══ Material to process ══

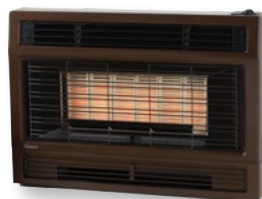
2001 in Brown
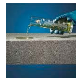
Acid resistant/chemical resistant
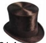
21 Across: Head cover
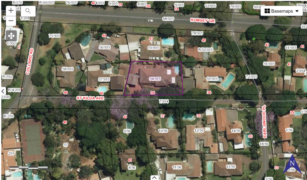
Context of 38 St Kilda Avenue. The Ellis Construction Company Pty Ltd stipulated the roof forms and materials through a clause in the Title Deeds.
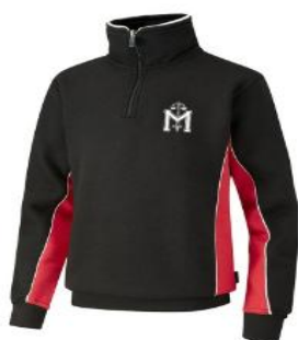
Black/red fleece with white trim

Second hand uniform can sometimes be purchased through the school office, but due to the uniform being relatively new, we do not have a large amount of this.
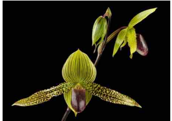
Right middle: Paph. Iantha Stage 'Triple Gem Lehua' AM/AOS, grown by Lehua Orchids

═══

== Assignment ==
Look above for the line containing "21 Across: Head cover", then write out every line from there down to the line containing "Second hand uniform", that line included, with no pictures.

== Result below ==
21 Across: Head cover
Context of 38 St Kilda Avenue. The Ellis Construction Company Pty Ltd stipulated the roof forms and materials through a clause in the Title Deeds.
Black/red fleece with white trim

Second hand uniform can sometimes be purchased through the school office, but due to the uniform being relatively new, we do not have a large amount of this.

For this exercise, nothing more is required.